──────── PROVIDED DATA
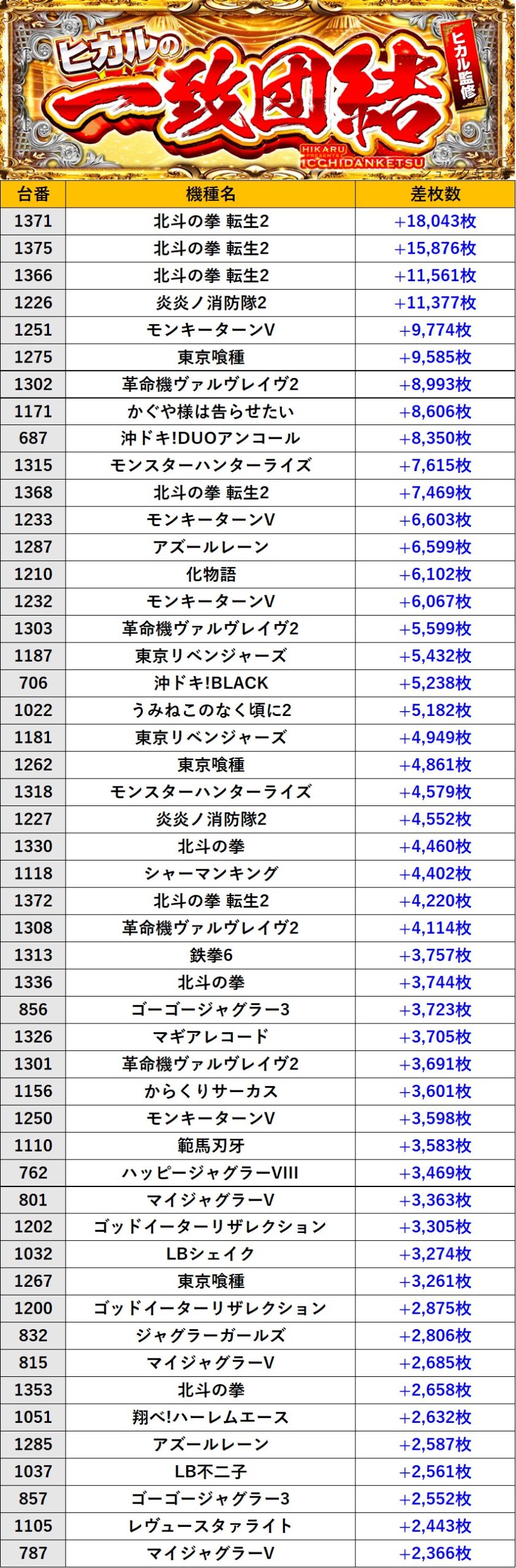 東京ジュラク王子店 過去の取材結果はこちら 取材日 2026年3月1日(日) 並びの人数 抽選142名 / 一般62名 内容 🌓ヒカルの一致団結🌓 『ヒカルの一致団結』ランキング 過去の取材結果はこちら
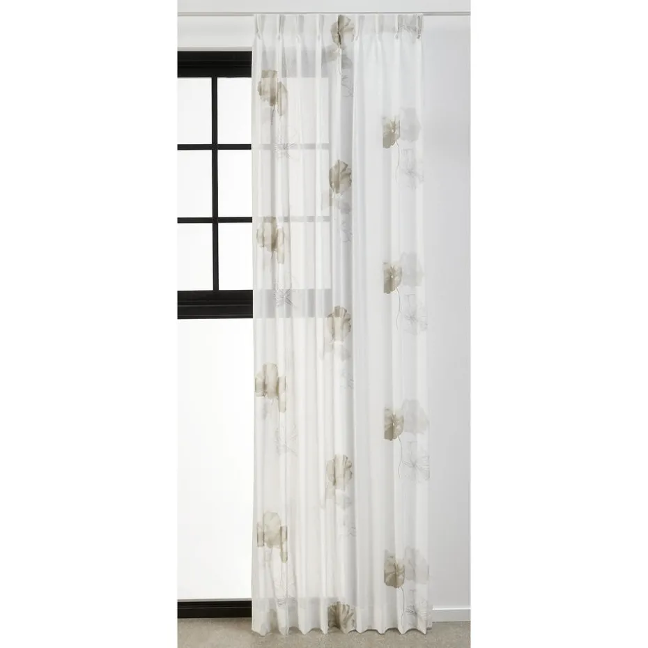 Vitrage Aukje in een witte kleur. Deze stof heeft een hele subtiele print van grijze bloemen. Gemaakt van 100% polyester. Patroonhoogte is 64 centimeter.
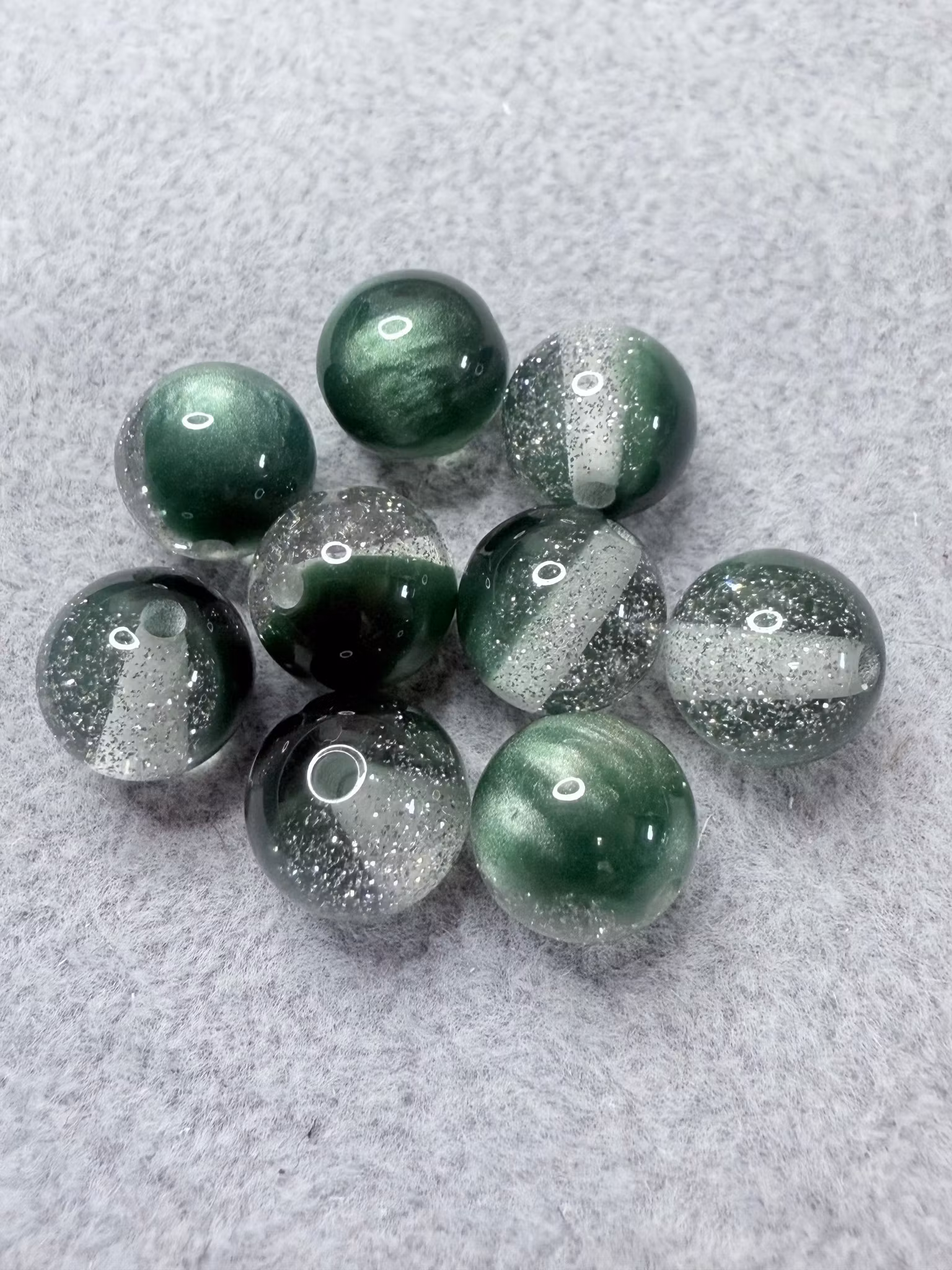 Mörk grön Glittrig 12mm Akrylpärla, 6st
────────────────
• [GOAL OF THE EXERCISE]:
Would you transcribe the whole listing above exactly? The pictures should not be included.

• [TASK RESPONSE]:
 東京ジュラク王子店 過去の取材結果はこちら 取材日 2026年3月1日(日) 並びの人数 抽選142名 / 一般62名 内容 🌓ヒカルの一致団結🌓 『ヒカルの一致団結』ランキング 過去の取材結果はこちら
 Vitrage Aukje in een witte kleur. Deze stof heeft een hele subtiele print van grijze bloemen. Gemaakt van 100% polyester. Patroonhoogte is 64 centimeter.
 Mörk grön Glittrig 12mm Akrylpärla, 6st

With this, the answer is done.